I have had my fair share of eating cheese and experimenting with them. Sometimes they come out heavenly while other times, it turn out to be a huge flop. Usually when it flops, it's because I am expecting the cheese to melt and it doesn't.

So my question is, what properties of cheese determines how well the cheese melts? This way I can determine in the future whether a cheese I am about to experiment with is meltable. Are there physical indicators that I can see and feel that can help me determine a cheese's meltability?

Is there a special way to increase how well cheese melts? I have noticed that some cheese melt slightly on the outside but the inside turn rubbery and doesn't melt.


2 Answers 2


Three factors influence how well cheese melts:

The amount of moisture,
The amount of fat,
How it was set.

The meltiest cheeses have a lot of moisture and fat and were set with rennet and not acid. Both moisture and fat leave space between the casein proteins that allows them to move. Otherwise they are packed together and don't flow as well.

Aged cheeses have lost more of their moisture to evaporation. This means that they have to been heated to a much higher temperature before they will melt.

To quote Harold Mcgee: "Melting behavior is largely determined by water content. Low-moisture hard cheeses require more heat to melt because their protein molecules are more concentrated and so more intimately bonded to each other." (On food and Cooking, 64).
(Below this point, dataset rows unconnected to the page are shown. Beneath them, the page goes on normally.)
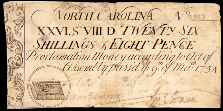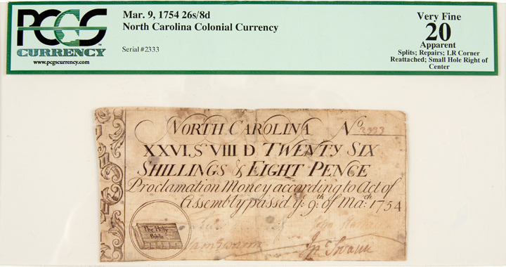 North Carolina. March 9, 1754 Act. Twenty-Six Shillings & Eight Pence. “The Holy Bible” vignette. Splits, Repairs, LR corner reattached, small hole right of center. PCGS graded Apparent Very Fine-20.
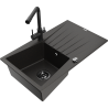 Mexen Cesar granite sink 1-bowl with drainer and Duero kitchen tap, black/silver metallic - 6514-73-671600-70-B
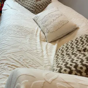 The material is soft and decorative. Unfortunately, it’s not a perfect fit for my 3 seater sofa. It fits to some point
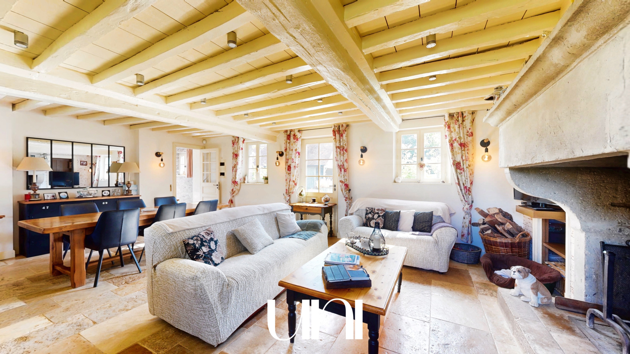 - une belle pièce de vie avec sa cheminée ouverte
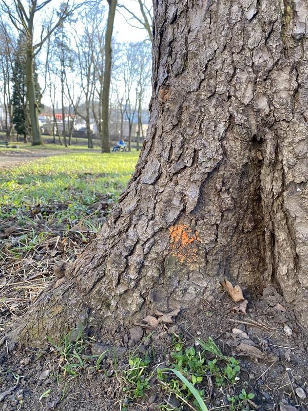 Trudno zauważyć czerwone znaki na pniach drzew, bo zrobiono je dyskretnie, blisko gruntu. Dlatego nawet okoliczni mieszkańcy - z ulic Hożej, Wendeńskiej, Retry, Studziennej i Zgorzeleckiej - nie mają pojęcia, że ich park czeka pogrom wśród drzew. Urzędnicy miasta zaplanowali wycinkę 43 okazów starodrzewia.

Aged cheeses with a high fat content will often leak some fat when they finally do melt- making an oily mess. J. Kenji Lopez-Alt had some good suggestions for dealing with this problem.

Acid set cheeses, such as Indian paneer and latin Queso Blanco, don't melt much when heated dry because the acid denatures the casein in such a way as to cause it to bind more tightly.(although they will dissolve into hot liquids sometimes.)

  • I'll also add that high-salt cheeses, even when set with rennet (e.g. Pecorino Romano) do not melt well.
    – FuzzyChef
    Commented Jan 12, 2012 at 6:24
  • 7
    @FuzzyChef: Do you have a reference for that? Feta is a high-salt cheese yet it melts easily. And your example Pecrino Romano doesn't melt well probably because it has very low moisture.
    – Jay
    Commented Jan 12, 2012 at 20:05
  • 1
    Of these factors, the moisture level is the most readily tweakable, practically speaking - soaking shreds of drier or more aged cheeses can encourage them to melt rather than dry out or seize.
    – Megha
    Commented Jan 11, 2018 at 5:01

Acidity level determines whether it will melt. Has nothing to do with moisture levels, fat etc. If your cheese wont melt it is either a very low acid fresh type cheese, or something went horribly wrong when it was made (cheddar for example, should always melt...if it doesnt, then something is wrong with the cheese when it was made).

  • Thanks for adding that real cheese makers secret. Many people here would love a reference on the pH to casein stretchability balance. Can you find a good one?
    – TFD
    Commented Sep 18, 2012 at 5:01
  • 3
    The pH things isn't really obscure. See e.g. milkfacts.info/Milk%20Composition/Protein.htm. However, this answer misses the point. During cheese production, fat & water is separated from the protein solids - squeezed out, you could say. Acidity influences to which degree this happens. So, whether cheese melts is a result of the acidity when formed, but a function of fat & water content.